◆ **DATA**

BEGIN

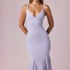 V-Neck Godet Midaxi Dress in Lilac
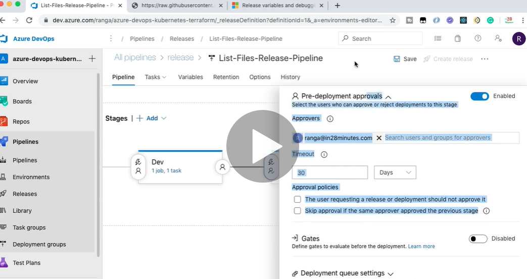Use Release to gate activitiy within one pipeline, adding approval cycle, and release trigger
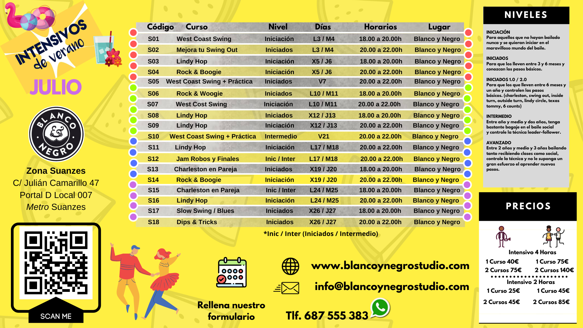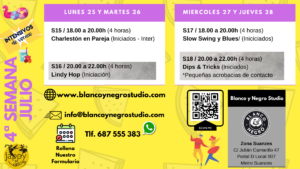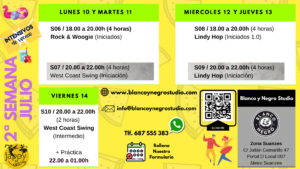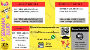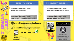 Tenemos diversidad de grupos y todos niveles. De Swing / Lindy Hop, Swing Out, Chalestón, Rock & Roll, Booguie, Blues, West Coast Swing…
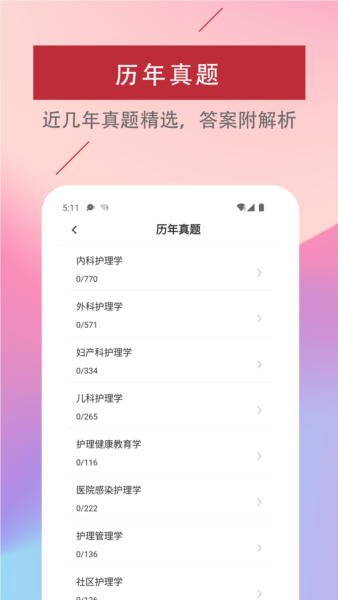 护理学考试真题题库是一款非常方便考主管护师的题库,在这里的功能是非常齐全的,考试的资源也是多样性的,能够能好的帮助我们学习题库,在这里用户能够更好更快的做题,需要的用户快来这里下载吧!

END

◆ **ACTIVITY**
The lines from the top of the data above through the one holding "Tenemos diversidad de" are to be repeated exactly, and only those, with no pictures.

◆ **RESPONSE BOX**
 V-Neck Godet Midaxi Dress in Lilac
Use Release to gate activitiy within one pipeline, adding approval cycle, and release trigger
 Tenemos diversidad de grupos y todos niveles. De Swing / Lindy Hop, Swing Out, Chalestón, Rock & Roll, Booguie, Blues, West Coast Swing…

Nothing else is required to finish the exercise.